Using just a small amount of fentanyl can be deadly, and users often do not even realize it is in the substances they have obtained, according to Hall’s release. 

In 2021, 40 of the 53 toxicity deaths in Kenosha County involved the presence of fentanyl or a fentanyl analog, according to Medical Examiner’s Office data.

How can we change mental health and addiction outcomes?

The first thing we can do to help the issue is to share community resources.

Hall stressed in her July release that the county does have resources to test drugs for fentanyl that are available to the public. 

“This includes fentanyl test strips, which became legal in Wisconsin earlier this year and are now available from Kenosha County Public Health and Vivent Health Kenosha,” Hall’s release states. “These can be used to detect the presence of fentanyl in other substances. Strips may be picked up from 8:30 to 5 p.m. Monday-Friday at the Kenosha County Public Health Job Center Clinic, 8600 Sheridan Road, Kenosha.”

For more information on what’s available at the job center, call 262-605- 6775.

We need to talk more about it

The best way to get more hands on a community project is to show just how many people of various parts of a community that problem affects. 

And I think a lot of people would be surprised who is impacted by these issues. For instance, it is just as likely that the successful businessman walking past a homeless man on the street is the drug addict. 

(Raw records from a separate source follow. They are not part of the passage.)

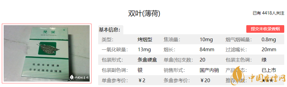 雙葉煙也是小時候抽過的比較經(jīng)典的一款煙,最后才知道它是一款薄荷煙,和我們抽過的其他煙有很大的區(qū)別,抽起來涼颼颼的。煙香保持和諧,口味清新、自然,通體舒暢。產(chǎn)品獨(dú)特的香味感受以及平易的價格,讓眾多消費(fèi)者對其情有獨(dú)鐘。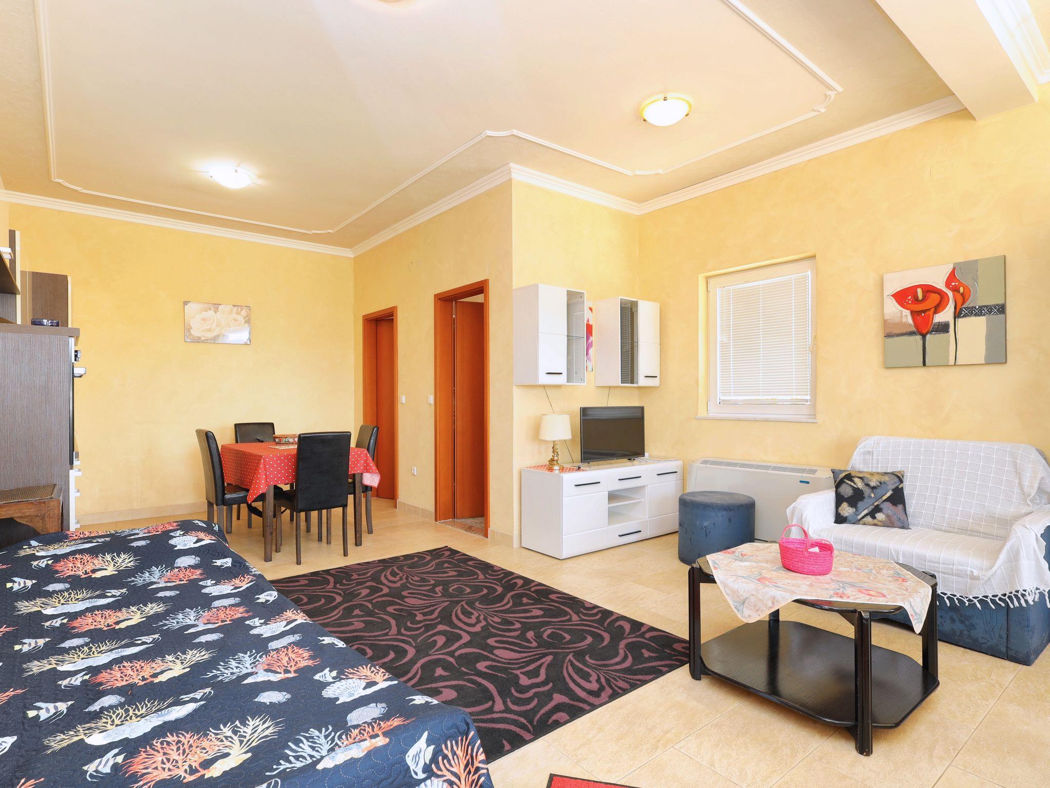 Studio bietet Platz für 2 Gäste. Die Betten sind in Schlafzimmern, die es 1 gibt, innerhalb einer Gesamtfläche von 37m2, angeordnet. Die Gäste haben eine eigene Terrasse zur Verfügung, auf der sie in warmen Sommernächten genießen können. Das Studio-Apartment bietet Meerblick. Es ist erlaubt, Speisen auf dem Gemeinschafts-Grill vorzubereiten. IM PREIS INBEGRIFFEN: Kurtaxe, Endreinigung, Klimatisierung, Parkplatz, Internet, Bootsanlegeplatz, Bügeleisen, Bügelbrett, 1 Bett für Kinder (im Preis enthalten). VERBINDLICHE ZUSÄTZLICHE KOSTEN: Aufzahlung für Kurzaufenthalte (prozentualer Zuschlag pro Nächtigungsanzahl: 30% - 1, 20% - 2, 10% - 3). UNVERBINDLICHE ZUSÄTZLICHE KOSTEN: Wäschewaschen (12,00 € Waschen). Die Verfügbarkeit zusätzlicher Dienstleistungen in Ihrem reservierten Termin und die Preise derselben (falls nicht aufgeführt) müssen im Voraus überprüft werden. Zusätzliche Dienstleistungen die in der Zahlungsaufforderung nicht aufgeführt sind werden direkt beim Vermieter bezahlt, angenommen der Gast nutzt auch diese.
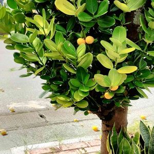 みかんでも柿でもありません。 フクギの実です。沖縄に住みはじめた頃、友達に聞いたらこれは食べられんよ、これを食べるのはオオコウモリだけよーと言われました。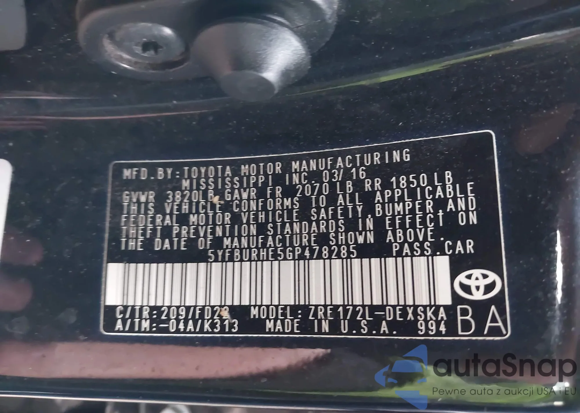 LOT: 43673337 VIN: 1HGCM56393A085016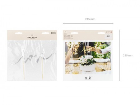 Topper de gâteau Love, Elegant Bliss, en argent, hauteur environ 17 cm.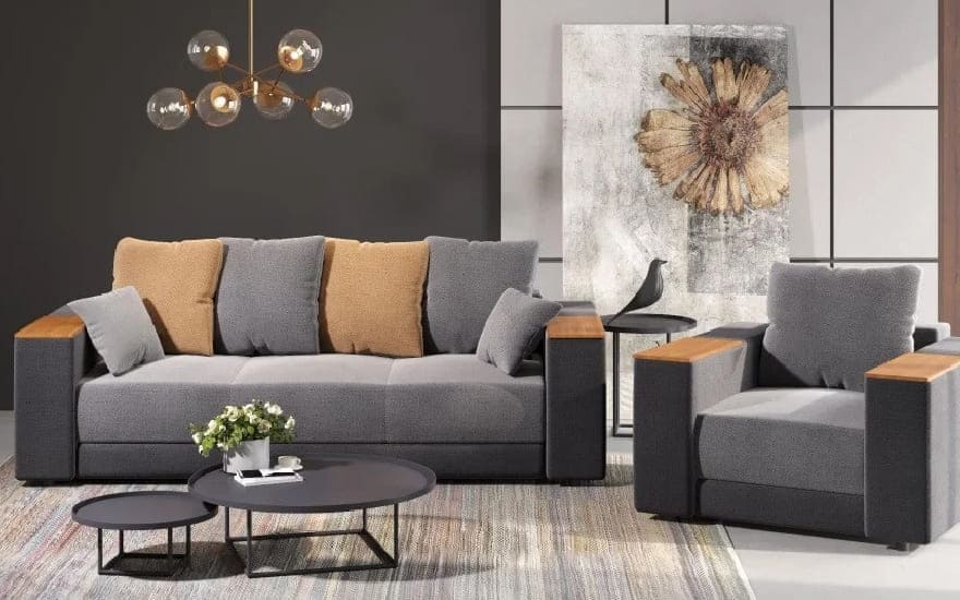Каркас дивана виготовлений з масиву натурального дерева, що гарантує моделі зносостійкість і довговічність.

Addiction knows no class, no race, no sexual orientation. It doesn’t differentiate between those “who have potential” and those struggling that our society automatically looks down on anyway.

Much like a virus, it can spring up and spread anywhere. And ignoring that fact leaves you only to react when it’s finally knocking at your door after making its way through the other parts of the city. 

I Need You

As an individual, I’ve been very vocal about my own struggles with mental health and addiction. However, I haven’t let the Observer dive deeply into that. 

Perhaps, like others, I get uncomfortable with too many people knowing about my past. 

However, the time’s come that the old excuse of that doesn’t work anymore.

People are dying. They are feeling hopeless.

People in our present time are looking for just one light that says there’s something at the end of the tunnel.

What if you could be it?

With that thought, I want to invite anyone and everyone to submit columns about their own experiences, struggles, or just their story of their journey living with these extra weights. 

My point in this is not to display addicts for disparagement or to have anyone embarrassed. That would completely fail what I’m trying to do here.

No, I’m simply offering a place to tell a story that might help even just one person somewhere else in our city, or even our world since we do have some international traffic. 

My point in this is also not concerning views, clicks, popularity or some reward of any kind. Those don’t drive what I’m doing even the slightest. 

You’re also not obligated to regularly write. Want to do a one and done? Go for it.

Do I want you to censor your story or sanitize it to make it more palatable? Absolutely not. I don’t want you to dilute yourself and potentially sacrifice some of the truth of your personal story. 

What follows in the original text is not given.